On China, the report says their annual share is highly dependent on the number of very large individual deals, and has been as high as 27% in recent years. However, in 2025 China accounted for less than 10%, the lowest point since 2014.
Most funds are invested in start-ups from the same regions – for example, Chinese start-ups are almost exclusively funded by Chinese funds – but there are some cross-border flows. Much of the funding for energy start-ups in emerging market and developing economies comes from Europe, the US and advanced economies in the Asia Pacific region.
In recent years, the report explains, start-ups working on batteries, vehicles or charging technologies for electric mobility have represented a large share of energy VC fundraising.
However, VC for these areas is now waning as the sector matures and becomes less reliant on VC, while other technologies are starting to rise.
Most VC funding for US energy start-ups in 2025 was for nuclear fission (especially for small modular reactors) and fusion energy. In China and India, VC funding remains highly concentrated in road transport technologies.
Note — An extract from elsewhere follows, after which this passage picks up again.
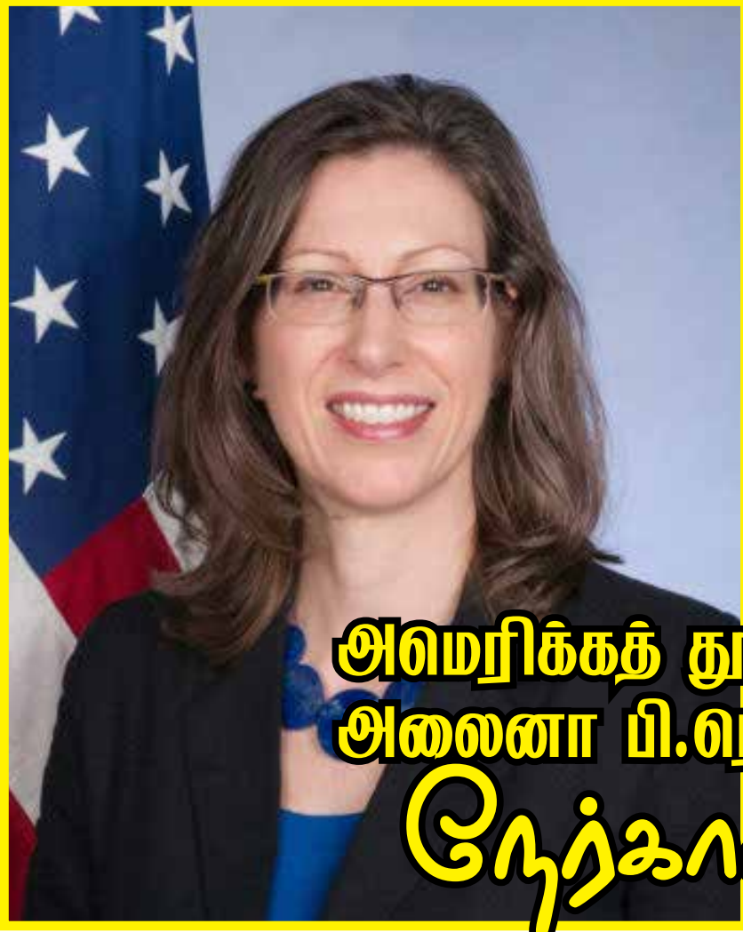
அமெரிக்கத் தூதுவர் அலைனா பி.ரெப்லிட்ஸ் டேர்ஊட்டில்

“ வ ன்முறையால் பாதிக்கப்பட்டவர்கள் நீதியையும் பொறுப்புக்கூறலுக்கான பொறிமுறையையும் பெற உரித்துடையவர்கள். சகல மக்களுக்கும் பொறுப்புக்கூறும் கடப்பாடுடைய அரசாங்கம் ஒன்று குற்றவியல் முறைப்பாடுகளை மெய்யாகவும் நம்பகத்தன்மையுடனும் விசாரித்து சம்பந்தப்பட்டவர்கள் மீது வழக்குத்தொடுக்க முன்வரவேண்டும்

In Europe, funding in 2025 was more diversified, with hydrogen and energy efficiency occupying a larger share, and electricity grid start-ups also raising a significant share of the total funds.
Additionally, some technology areas exhibit more geographic concentration than others: start- ups working on geothermal, nuclear fission and fusion energy are much more likely to be in the US, while mobility, energy networks and storage and heat pumps are more evenly spread globally in terms of both start-up location and source of funds.
More on energy sector financing:
What do falling renewable PPA prices signal about Europe’s energy transition?
Siemens Energy boasts record gas turbine orders to power demand boom
EU allocates €650 million for cross-border energy infrastructure
Maintaining public support
Against a backdrop of shifting policy priorities and tighter financial conditions, the report stresses that sustained and well-targeted public support remains critical.
Commenting in a release was IEA Executive Director Fatih Birol: “Energy innovation has become a strategic priority for governments around the world.
“With energy security and industrial competitiveness at the top of the agenda, countries that sustain investment in research, demonstration and early deployment will be best positioned to lead the next generation of energy technologies.”
The IEA adds that aligning energy innovation strategies with broader competitiveness and resilience goals will be essential, particularly where technologies can strengthen domestic supply chains or reduce strategic dependencies.
Ensuring access to funding across all stages of development – especially as private capital becomes more selective – and reinforcing partnerships across research, industry and finance will be key to maintaining momentum.
Additionally, says the report, while priorities may shift, the case for sustained and strategic support for energy innovation remains strong. With energy innovation becoming increasingly foundational to modern economies, evidence shows it can deliver transformative economic and security benefits over decades.